Ask-the-Expert Online Conference
- Question from Hbgin: My mother died of breast cancer. She worked at a chain of stores in which she cut cloth materials. Could there be some toxin in the materials that contributed to this?
- Answers - Jennifer Griggs, M.D., M.P.H. It's such a common impulse to explain things that have happened to us. Much of the conversation now has been a desire to seek answers for something we can't really explain.
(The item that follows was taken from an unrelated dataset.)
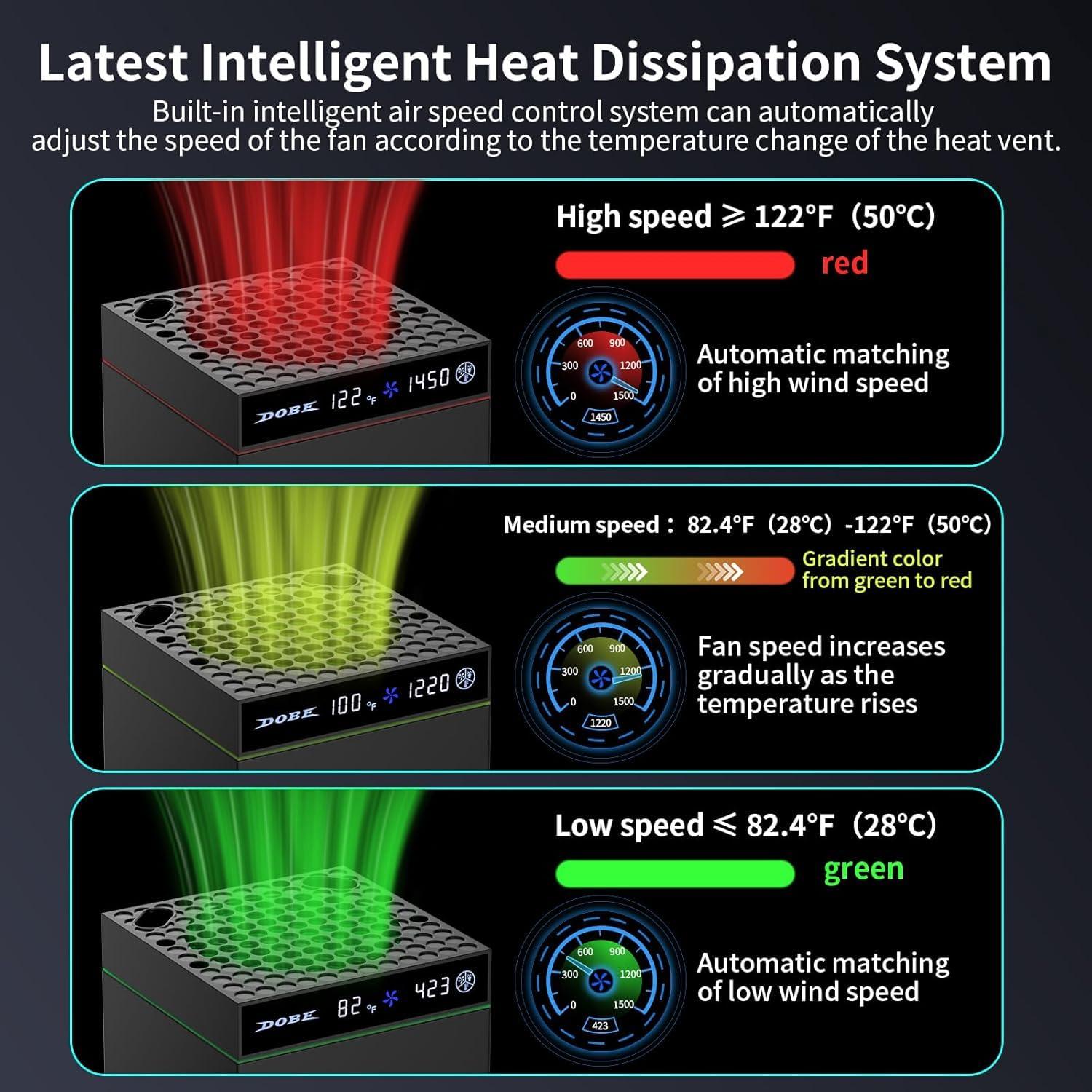 - šćIntelligent Cooling SystemćXbox X series cooling fan has a built-in Intelligent Air Speed Control System. With the temperature sensor detecting the holes, the fan automatically adjusts its speed according to temperature changes. This ensures intelligent cooling for your game console, with low-speed operation when the temperature is below 82.4ā(28°C), gradual speed increase as the temperature rises, and full-speed operation above 122ā(50°C). Keep your Xbox Series X cool and prevent overheating

All the studies we talk about here, where we have evidence of an increased risk of breast cancer, necessarily look at groups of people over time, and yet cancer affects individuals one at a time. So we are really limited when it comes to understanding the causes of breast cancer in individual women. With respect to textiles, however, many modern textiles are treated with formaldehyde and dyes, and these things have been found to increase mammary tumors. There are some workplace studies as well that indicate that this could be a risk for breast cancer in groups of people with this kind of exposure.
People who work as dry cleaners who were in that industry 20 to 30 years ago were exposed to chemicals that may cause mammary tumors. Women who use dry cleaning may be at a higher risk for developing breast cancer as well. So now there is a move to “green” dry cleaning that uses organic solvents instead of chlorinated hydrocarbon solvents. This is a good development for two reasons: some of these chlorinated solvents contribute to greenhouse gas emissions and some of these contaminate groundwater and are associated with an increased risk of health problems.